All known compensation methods and their schematic solutions for Hall sensors are applicable to offset, i.e. to the parasitic differential voltage V _{4 5} (B = 0) occurring on the output contacts 4 and 5 in the absence of the magnetic field B 13. In addition, in the differential (classical) operating mode of the Hall 1 sensor, the individual ones, on the contacts 4 and 5 opposite by Hall sign, they are subtracted, which is essentially the summation of two identical Hall components. At the same time, two magnetoresistive voltages accompanying the same sign are completely neutralized. However, in this mode of operation, it is not possible to measure with a single Hall 1 sensor a possible gradient of the magnetic field B 13 in zone I _4J between contacts 4 and 5. The reason is that in general the running voltage is of orders of magnitude greater of the gradient value, which makes it practically impossible to measure it.

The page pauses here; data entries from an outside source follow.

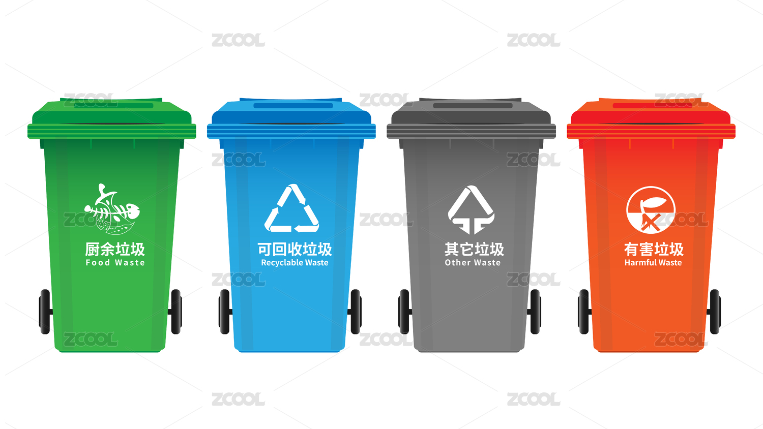 按照新分類的垃圾桶和對(duì)應(yīng)的垃圾種類
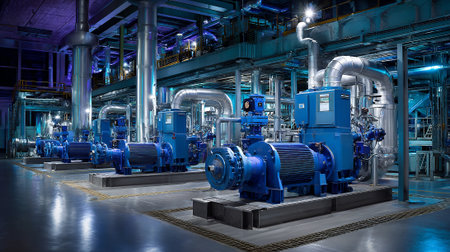 Industrial facility featuring a row of powerful blue centrifugal pumps, motors, and complex piping systems, demonstrating modern water processing and circulation technology
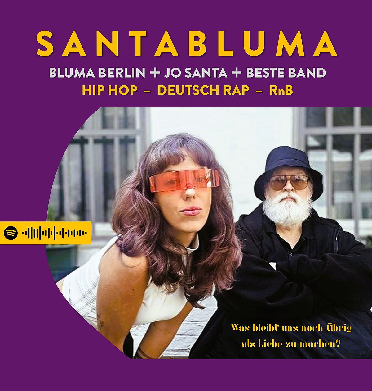Bluma ist das Wort. Jo spielt die Tunes. Der Rap kommt von Bluma. Erzählt vom Blues der Einsamen, Gestrandeten, Sehenden. Sie malt fantastische Bilder von Träumen und Sehnsucht. Jo bringt den Jazz, die coolen Vibes und den tiefen Groove. Das verbindet: Bluma + Jo, dich und mich, euch und uns.

A way out of this situation is an approach consisting in the algebraic summation of Hall stresses V ₄ (B) and - V (B). In the homogeneous magnetic field B 13 in this case the result is zero. However, in the non-homogeneous magnetic field, the algebraic sum of the two Hall signals will be proportional to the gradient between contacts 4 and 5. This method is of practical importance only if a way is found to compensate completely for the accompanying magnetoresistance3

66336 Bl voltage and neutralize the two starting voltages V ₄ (B = 0) and V ₅ (B = 0). The new technical solution proposed in the semiconductor magnetometer, which adequately implements this method, individually compensates for the quadratic magnetoresistive potential developing on the output contacts 4 and 5 of the Hall sensor 1. The midpoints of trimmers 10 and 11 and respectively the running contacts 4 and 5 perform as the starting value of the voltages V ₄ (B = 0) and V ₅ (B = 0) and the magnetoresistive signals on the contacts 4 and 5. Since the tabs 10 and 11 are connected to the power sockets 2 and 3 of sen In the absence of the magnetic field B 13, in the absence of the magnetic field B 13, in the absence of the magnetic field B 13, a magnetoresistive component equal to that on the corresponding Hall contact 4 or 5 can be generated. achieves resetting of the two outputs: the midpoint of the trimmers 10 and 11 and the contacts 4 and 5. In fact, two separate sensors with differential outputs are formed from the Hall 1 sensor, which allow complete offset compensation with the trimmers 10 and 11. The two thus formed the output is connected item to the inputs of the two measuring amplifiers 6 and 7 to the appropriate calibration. The output voltages of amplifiers 6 and 7 with the corresponding signs are summed by the adder 8, the output of which is the output 12 of the semiconductor magnetometer. If applied non-uniformly magnetic field B 13 perpendicular to the surface of the Hall 1 sensor, the output values of the amplifiers 6 and 7 will be different and their sum will be proportional to the field gradient B 13, i. Delta B / 1 ₄ 5 = (B, - B ₂ ) / 1 _{4 5} where B! and B ₂ are the values of the induction of B 13 at contacts 4 and 5.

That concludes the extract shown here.